Typical feedback for Audible: In general, members find Audible agreeable. However, some users take issue with the service’s time limits on trading in unwanted books and storing credits. Some have also complained about difficulty canceling their subscription.
You can join Scribd’s 700,000-plus subscribers for just $8.99 a month. The audiobook options seem to be about the same for standard titles, such as Michelle Obama’s Becoming, Tara Westover’s Educated, and John Carreyrou’s Bad Blood. In addition to audiobooks, though, subscribers also can tap unlimited ebooks, magazines, news, documents, and sheet music. Of course, the first month is free and you can cancel your subscription at any time. However, it seems once your subscription ends, so does access to their audiobooks, even if you had previously marked titles for downloading. Scribd doesn’t seem like such a bad deal for audiobook lovers who want to access numerous titles over a 30-day period, and have magazines and ebooks at their fingertips. In this sense, Scribd is basically like a (lending) library where you essentially pay a monthly maintenance fee for access and borrow as many titles as you want and return them whenever (“whenever” being within 30 days).

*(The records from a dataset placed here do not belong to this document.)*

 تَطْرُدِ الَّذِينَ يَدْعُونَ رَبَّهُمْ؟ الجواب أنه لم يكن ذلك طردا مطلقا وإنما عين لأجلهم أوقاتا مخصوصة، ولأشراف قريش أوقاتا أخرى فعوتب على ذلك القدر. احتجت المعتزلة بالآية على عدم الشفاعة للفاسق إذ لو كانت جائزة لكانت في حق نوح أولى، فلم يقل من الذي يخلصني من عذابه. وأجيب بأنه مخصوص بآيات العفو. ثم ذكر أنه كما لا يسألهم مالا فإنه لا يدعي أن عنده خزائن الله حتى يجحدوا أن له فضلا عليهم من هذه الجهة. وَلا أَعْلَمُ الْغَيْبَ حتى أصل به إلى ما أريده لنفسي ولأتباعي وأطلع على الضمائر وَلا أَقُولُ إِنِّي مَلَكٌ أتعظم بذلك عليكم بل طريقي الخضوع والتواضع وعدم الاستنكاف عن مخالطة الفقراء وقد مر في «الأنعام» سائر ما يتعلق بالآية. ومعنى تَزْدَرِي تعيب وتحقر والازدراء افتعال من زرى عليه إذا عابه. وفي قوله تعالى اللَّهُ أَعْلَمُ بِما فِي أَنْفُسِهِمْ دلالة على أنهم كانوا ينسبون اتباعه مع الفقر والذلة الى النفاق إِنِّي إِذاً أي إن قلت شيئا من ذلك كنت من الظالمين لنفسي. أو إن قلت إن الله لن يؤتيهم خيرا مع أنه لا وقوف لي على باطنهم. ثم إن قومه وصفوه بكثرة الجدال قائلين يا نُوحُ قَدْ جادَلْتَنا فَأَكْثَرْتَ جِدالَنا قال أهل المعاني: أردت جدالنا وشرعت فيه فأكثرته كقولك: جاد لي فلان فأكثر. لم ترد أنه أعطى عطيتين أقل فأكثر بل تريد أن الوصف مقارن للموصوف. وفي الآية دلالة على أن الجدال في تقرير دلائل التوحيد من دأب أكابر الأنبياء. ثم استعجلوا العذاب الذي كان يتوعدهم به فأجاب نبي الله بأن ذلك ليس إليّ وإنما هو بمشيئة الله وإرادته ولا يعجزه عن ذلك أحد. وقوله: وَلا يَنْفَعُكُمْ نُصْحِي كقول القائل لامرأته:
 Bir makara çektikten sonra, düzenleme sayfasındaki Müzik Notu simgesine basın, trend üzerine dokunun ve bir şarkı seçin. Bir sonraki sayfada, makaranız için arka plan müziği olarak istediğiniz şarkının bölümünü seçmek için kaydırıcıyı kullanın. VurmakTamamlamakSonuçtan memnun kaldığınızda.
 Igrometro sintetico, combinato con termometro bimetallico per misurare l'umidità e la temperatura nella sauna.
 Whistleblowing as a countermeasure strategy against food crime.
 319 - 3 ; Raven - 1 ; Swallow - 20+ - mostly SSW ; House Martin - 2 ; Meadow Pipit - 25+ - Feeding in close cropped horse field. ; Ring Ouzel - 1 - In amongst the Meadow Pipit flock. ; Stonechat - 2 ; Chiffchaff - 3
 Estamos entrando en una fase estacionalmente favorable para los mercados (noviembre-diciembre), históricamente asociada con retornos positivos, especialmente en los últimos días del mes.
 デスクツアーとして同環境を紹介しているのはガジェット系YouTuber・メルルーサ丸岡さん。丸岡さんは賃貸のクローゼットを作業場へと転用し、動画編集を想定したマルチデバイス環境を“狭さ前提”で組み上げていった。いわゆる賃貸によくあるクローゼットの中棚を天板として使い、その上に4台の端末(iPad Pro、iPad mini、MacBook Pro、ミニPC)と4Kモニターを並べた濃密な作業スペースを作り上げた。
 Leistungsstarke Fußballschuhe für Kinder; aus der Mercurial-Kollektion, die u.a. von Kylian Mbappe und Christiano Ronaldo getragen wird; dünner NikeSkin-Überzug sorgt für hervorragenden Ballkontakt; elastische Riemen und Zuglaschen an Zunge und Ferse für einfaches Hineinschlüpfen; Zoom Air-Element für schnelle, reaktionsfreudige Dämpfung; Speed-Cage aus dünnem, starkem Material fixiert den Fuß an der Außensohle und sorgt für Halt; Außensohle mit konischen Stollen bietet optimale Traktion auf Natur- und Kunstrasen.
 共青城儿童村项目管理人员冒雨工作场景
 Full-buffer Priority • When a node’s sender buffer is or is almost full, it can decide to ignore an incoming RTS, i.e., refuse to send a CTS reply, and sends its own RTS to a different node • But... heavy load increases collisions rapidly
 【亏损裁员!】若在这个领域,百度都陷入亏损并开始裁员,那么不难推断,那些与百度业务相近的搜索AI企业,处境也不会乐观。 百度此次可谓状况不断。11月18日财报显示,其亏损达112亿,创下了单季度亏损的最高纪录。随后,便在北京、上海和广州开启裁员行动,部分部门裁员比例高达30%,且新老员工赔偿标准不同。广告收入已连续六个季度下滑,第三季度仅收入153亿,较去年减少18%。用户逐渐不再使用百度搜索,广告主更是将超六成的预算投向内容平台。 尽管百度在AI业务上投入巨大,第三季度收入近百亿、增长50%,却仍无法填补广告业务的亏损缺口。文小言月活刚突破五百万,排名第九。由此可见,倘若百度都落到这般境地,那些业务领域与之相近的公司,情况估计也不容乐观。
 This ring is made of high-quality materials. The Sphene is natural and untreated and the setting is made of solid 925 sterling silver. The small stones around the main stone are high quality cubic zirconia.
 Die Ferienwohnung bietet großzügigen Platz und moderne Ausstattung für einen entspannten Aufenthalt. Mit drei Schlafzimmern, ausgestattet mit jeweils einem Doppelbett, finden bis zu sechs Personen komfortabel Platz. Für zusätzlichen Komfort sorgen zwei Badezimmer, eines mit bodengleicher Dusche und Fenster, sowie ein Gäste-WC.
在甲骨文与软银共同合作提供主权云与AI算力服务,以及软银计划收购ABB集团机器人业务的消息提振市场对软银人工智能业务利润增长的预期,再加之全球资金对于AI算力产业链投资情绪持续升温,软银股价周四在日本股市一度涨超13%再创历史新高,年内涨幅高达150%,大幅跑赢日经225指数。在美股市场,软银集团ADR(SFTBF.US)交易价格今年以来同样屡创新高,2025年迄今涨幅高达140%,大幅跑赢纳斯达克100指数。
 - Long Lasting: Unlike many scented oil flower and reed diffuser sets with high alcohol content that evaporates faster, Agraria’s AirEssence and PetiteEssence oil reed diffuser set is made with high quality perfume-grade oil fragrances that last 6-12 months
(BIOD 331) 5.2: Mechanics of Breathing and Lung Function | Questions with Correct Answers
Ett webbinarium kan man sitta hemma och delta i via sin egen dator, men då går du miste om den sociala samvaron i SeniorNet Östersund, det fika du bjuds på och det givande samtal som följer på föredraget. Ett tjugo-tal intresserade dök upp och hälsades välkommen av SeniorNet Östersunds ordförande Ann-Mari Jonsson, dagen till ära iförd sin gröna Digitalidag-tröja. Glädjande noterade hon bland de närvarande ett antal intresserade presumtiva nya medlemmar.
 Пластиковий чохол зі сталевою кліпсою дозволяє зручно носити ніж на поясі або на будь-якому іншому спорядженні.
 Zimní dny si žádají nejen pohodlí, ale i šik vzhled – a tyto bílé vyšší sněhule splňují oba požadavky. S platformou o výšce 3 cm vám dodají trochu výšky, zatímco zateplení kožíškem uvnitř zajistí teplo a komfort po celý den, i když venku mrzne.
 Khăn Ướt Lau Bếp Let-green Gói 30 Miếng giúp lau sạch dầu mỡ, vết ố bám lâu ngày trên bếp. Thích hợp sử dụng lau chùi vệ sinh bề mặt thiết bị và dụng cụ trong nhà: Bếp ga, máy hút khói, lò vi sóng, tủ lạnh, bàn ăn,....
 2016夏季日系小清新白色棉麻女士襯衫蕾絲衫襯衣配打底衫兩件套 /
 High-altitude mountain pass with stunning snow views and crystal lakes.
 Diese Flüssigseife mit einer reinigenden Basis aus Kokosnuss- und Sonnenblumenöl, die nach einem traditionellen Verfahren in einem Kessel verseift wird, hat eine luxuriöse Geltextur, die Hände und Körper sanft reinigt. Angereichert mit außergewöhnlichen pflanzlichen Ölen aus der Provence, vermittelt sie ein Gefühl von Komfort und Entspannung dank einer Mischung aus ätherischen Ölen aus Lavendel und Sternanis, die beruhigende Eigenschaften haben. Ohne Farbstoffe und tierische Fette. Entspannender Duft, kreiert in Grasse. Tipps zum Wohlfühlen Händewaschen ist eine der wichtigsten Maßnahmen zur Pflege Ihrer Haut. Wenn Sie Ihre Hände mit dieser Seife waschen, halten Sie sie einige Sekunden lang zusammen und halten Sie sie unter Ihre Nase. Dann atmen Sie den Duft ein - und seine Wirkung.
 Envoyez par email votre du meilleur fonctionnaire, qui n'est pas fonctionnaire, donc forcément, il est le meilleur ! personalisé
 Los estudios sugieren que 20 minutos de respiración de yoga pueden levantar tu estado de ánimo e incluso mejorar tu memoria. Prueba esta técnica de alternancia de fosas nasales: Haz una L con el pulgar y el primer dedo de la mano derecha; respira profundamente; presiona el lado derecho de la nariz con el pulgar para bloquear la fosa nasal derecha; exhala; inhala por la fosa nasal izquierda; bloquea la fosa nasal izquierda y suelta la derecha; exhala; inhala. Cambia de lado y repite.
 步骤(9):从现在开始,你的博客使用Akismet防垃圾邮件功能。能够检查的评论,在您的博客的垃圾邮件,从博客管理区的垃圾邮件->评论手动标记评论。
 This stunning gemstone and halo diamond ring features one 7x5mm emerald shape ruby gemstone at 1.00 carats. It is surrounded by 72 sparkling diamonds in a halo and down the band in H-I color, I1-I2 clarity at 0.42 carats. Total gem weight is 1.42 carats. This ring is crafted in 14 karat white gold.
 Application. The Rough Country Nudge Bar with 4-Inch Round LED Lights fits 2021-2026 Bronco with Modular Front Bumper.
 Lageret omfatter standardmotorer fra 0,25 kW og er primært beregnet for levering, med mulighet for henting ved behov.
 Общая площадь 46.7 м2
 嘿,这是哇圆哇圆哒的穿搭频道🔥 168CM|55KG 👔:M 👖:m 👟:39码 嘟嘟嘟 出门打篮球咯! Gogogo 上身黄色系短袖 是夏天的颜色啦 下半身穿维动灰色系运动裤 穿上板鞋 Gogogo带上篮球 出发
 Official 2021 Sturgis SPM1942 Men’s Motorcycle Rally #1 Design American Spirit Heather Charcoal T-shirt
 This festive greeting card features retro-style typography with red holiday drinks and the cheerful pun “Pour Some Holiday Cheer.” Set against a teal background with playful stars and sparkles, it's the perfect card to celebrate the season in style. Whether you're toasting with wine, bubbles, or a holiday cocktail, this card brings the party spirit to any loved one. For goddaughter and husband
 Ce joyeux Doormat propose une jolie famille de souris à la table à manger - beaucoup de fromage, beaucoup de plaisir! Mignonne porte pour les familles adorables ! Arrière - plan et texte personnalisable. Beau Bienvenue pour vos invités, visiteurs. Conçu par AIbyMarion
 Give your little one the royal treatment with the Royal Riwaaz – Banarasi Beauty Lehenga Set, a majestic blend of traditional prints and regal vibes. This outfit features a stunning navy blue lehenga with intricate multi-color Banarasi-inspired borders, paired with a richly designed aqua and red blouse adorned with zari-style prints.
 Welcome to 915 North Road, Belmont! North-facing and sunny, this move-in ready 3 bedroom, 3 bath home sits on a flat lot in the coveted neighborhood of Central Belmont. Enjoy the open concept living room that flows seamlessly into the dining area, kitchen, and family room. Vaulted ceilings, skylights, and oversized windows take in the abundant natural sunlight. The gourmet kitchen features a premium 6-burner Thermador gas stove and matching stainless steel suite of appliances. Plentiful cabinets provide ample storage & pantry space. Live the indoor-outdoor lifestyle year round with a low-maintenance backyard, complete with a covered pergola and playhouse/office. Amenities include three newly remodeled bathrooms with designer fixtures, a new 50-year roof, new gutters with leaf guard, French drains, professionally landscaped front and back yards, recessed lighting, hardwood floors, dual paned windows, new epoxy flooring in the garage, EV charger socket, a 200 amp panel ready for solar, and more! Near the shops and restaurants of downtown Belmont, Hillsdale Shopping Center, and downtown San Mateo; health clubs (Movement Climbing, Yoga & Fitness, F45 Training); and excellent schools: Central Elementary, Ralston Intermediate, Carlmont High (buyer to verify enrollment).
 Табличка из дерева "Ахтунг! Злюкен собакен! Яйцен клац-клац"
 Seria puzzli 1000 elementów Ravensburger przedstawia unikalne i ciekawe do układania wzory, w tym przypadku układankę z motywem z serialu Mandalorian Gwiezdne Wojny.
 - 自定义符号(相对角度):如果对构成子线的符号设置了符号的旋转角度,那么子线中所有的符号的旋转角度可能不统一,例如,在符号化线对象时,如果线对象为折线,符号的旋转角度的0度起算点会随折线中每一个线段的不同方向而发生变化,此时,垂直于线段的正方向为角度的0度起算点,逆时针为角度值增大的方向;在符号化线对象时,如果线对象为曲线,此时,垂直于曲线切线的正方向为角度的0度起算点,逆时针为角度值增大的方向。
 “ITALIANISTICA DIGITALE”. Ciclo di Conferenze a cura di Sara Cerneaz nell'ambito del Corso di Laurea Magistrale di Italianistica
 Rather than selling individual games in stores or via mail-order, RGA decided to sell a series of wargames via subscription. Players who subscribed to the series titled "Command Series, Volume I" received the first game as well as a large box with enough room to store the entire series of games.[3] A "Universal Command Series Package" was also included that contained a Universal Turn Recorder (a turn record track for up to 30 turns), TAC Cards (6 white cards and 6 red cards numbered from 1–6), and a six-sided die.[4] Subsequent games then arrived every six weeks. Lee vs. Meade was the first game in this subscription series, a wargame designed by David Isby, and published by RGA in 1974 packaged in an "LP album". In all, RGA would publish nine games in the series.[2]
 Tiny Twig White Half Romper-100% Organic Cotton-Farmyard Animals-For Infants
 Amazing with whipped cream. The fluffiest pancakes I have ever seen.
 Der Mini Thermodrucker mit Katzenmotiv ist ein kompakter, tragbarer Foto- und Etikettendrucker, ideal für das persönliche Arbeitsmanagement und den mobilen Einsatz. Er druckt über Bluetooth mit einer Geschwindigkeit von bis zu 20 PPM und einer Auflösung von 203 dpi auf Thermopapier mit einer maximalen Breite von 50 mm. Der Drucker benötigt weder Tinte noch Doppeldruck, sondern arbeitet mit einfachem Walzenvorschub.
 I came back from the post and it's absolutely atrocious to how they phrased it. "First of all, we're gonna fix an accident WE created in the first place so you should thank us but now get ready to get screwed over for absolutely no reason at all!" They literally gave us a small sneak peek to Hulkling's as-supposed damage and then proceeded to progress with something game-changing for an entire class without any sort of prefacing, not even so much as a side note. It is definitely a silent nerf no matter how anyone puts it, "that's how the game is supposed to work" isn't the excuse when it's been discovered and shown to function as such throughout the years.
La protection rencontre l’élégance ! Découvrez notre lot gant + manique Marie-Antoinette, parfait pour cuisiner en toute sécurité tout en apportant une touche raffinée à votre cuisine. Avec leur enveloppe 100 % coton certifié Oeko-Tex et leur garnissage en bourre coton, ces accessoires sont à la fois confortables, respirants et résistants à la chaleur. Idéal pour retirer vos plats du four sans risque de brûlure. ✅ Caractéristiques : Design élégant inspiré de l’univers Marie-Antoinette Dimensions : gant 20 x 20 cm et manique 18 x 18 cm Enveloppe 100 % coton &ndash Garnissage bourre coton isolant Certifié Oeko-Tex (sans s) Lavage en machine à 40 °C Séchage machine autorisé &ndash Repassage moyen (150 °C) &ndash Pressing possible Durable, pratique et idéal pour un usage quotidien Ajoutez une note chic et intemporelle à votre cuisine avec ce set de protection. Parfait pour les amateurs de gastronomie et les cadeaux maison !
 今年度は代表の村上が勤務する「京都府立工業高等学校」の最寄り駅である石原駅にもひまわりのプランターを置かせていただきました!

Typical feedback for Scribd: Most of the hangups with Scribd are related to how “unlimited” access isn’t always the case, particularly when it comes to popular audiobook titles.
Hopefully, that round-up was helpful. But if you’d rather skip paying for audiobooks altogether, there are some legit websites where you can find free books to listen to. In fact, BookRiot.com and HowToGeek.com have lists of sources where you can access numerous audiobooks legally. And let’s not forget, there is always the local library.